I’ve been thirty for about an hour. I guess I could say I won’t officially be 30 until 6:18PM PST, but we’ll call it right now.
If you had asked me at 16, at 21, at 25, and even last year, what my life would look like right now, I would’ve given you a very different picture than what I am living. I would’ve mentioned marriage and maybe a kid. I would’ve painted this picture of myself– caring, accommodating, wrapped up in the life of someone else and completely entwined in giving everything to anybody but myself. If I’m honest, that’s what I wanted: I wanted to disappear into someone else’s world, content to play the role I thought I was supposed to.
And every day I thank my lucky stars I did not get that life.
Today, as I turned 30, I went to a job I love and taught my students. Then I coached kids while they ran.

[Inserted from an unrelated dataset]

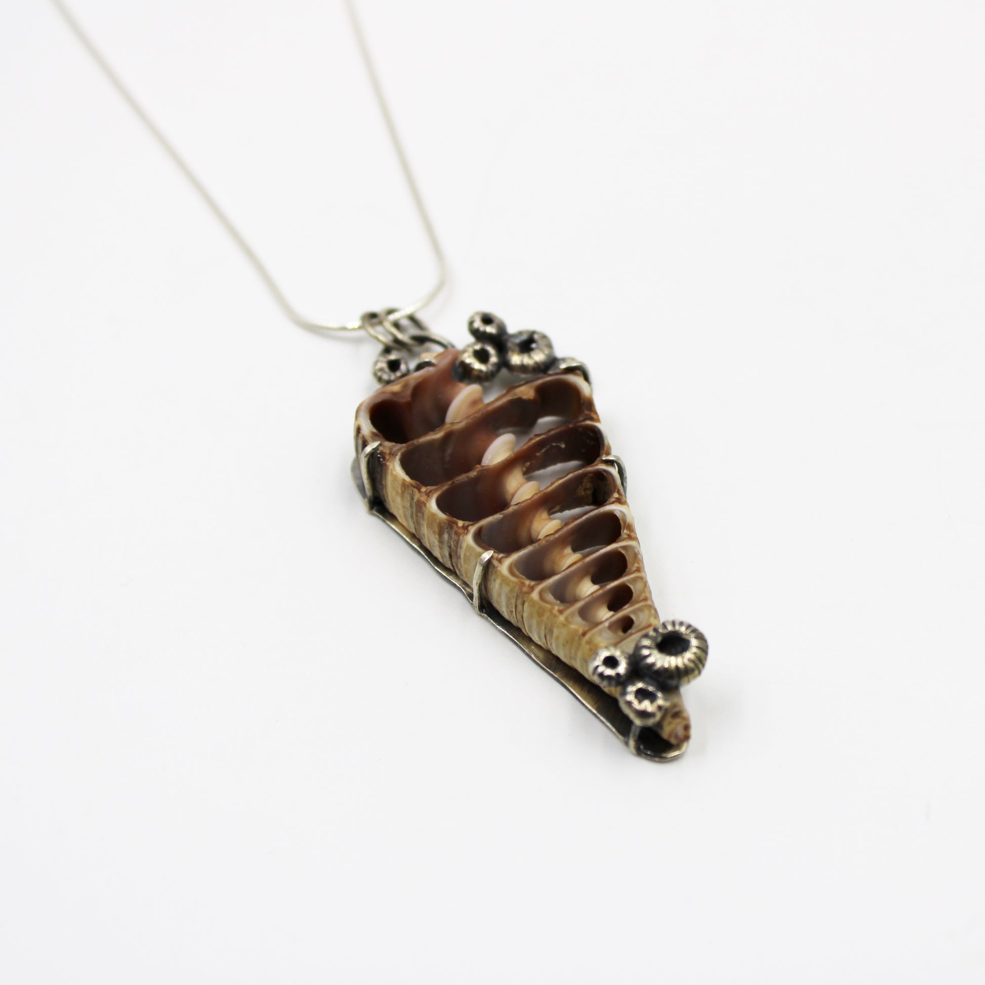 Tidekeeper Necklace: Sterling Silver & Spiral Shell Prong set with Barnacles

Then I lifted heavy shit above my head as best as I could.
I went on live TV and didn’t completely lose my cool. I called a friend I trusted when I needed to vent. I stood up for myself when I thought I had to, and then let laughter and love lead to forgiveness, acceptance, and moving forward.

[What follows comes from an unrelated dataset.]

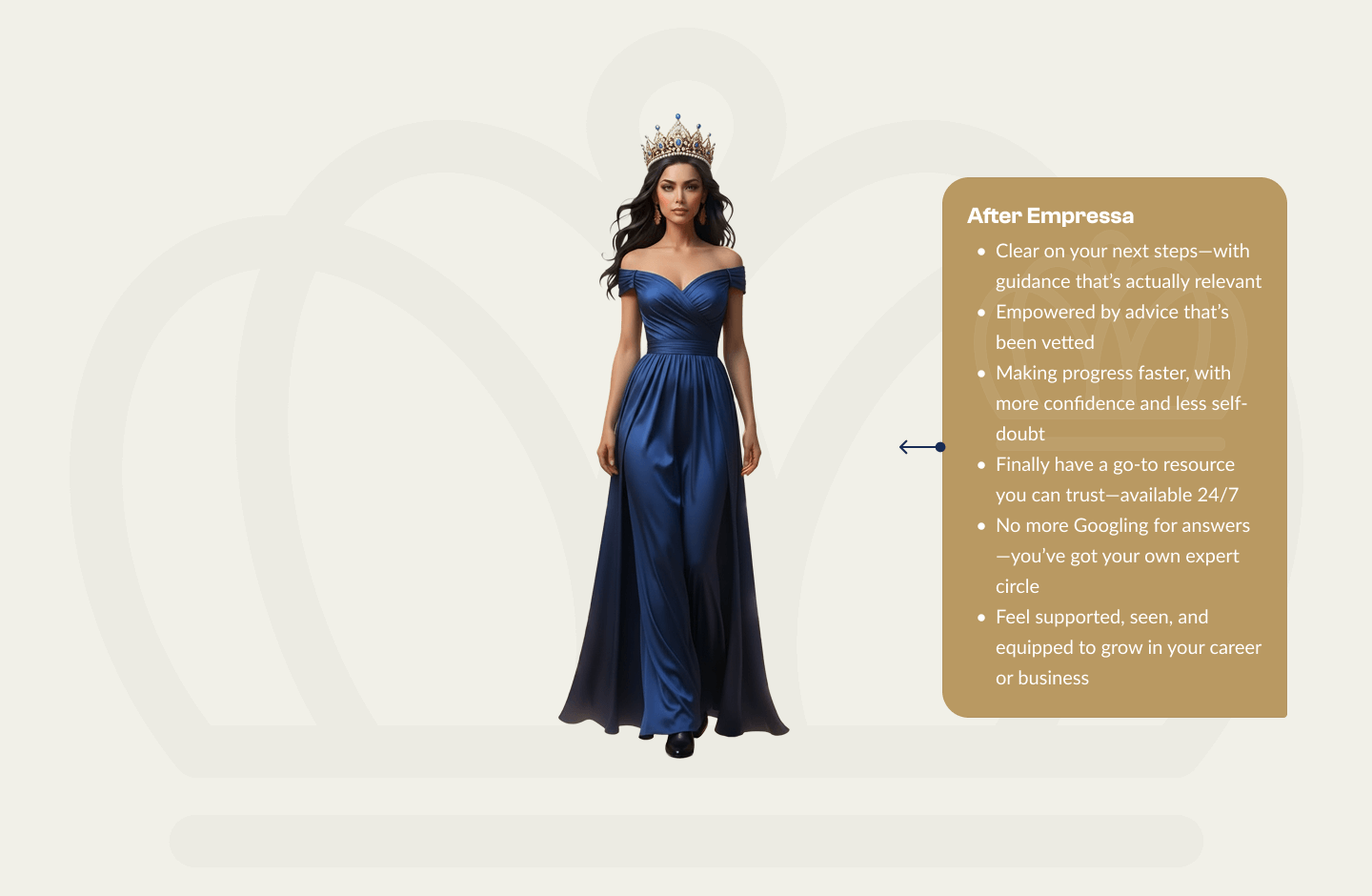 Ask anything — Empressa AI responds instantly with wisdom grounded in lived experience.

I had a beer at my favorite neighborhood bar, Pint and Jigger. I had good, honest conversation that made me laugh till my stomach hurt. Now, I am sitting here typing this while a big bowl of my mom’s arroz con pollo cools and a can of one of my favorite beers– recommended by another friend– waits for me. Tonight, I will hopefully be sharing another beer with some of the people I love the most.
And I couldn’t be more content.
If I’ve learned anything this year, it’s to trust so deeply in the idea that the more loving a life I lead, the more love will come to me. I spent so much of my life– for reasons beyond my understanding– scared I would not find love. I clung to it, dug for it, tended it in the places that it clearly could not grow in any healthy manner.

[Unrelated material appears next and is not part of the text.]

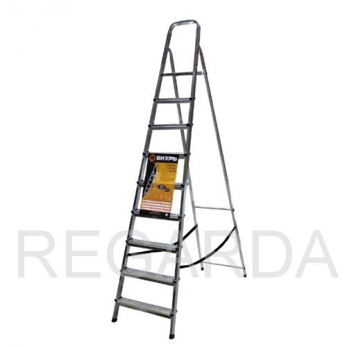 Прочный корпус изготовлен из стали. Покрыта гальваническим антикоррозийным покрытием. Односекционная модель с 8-ю широкими ступенями с рифленой поверхностью и рабочей площадкой. Чтобы стремянка не скользила, на опорах оборудованы заглушки. Также есть дуга безопасности. В сложенном состоянии модель очень компактна и занимает мало места.

In the months leading up to this birthday, however, I have been reminded time and time again, just how blessed I am with people that put up with my bullshit and support me. I don’t know what I did, if anything, to deserve it, but I am in awe of it each day.
So, today is my birthday. Today, I was reminded that my greatest power, my biggest strength is my ability to love big, wide, open, honest, and fiercely.
And I feel like that’s a pretty important lesson to have learned.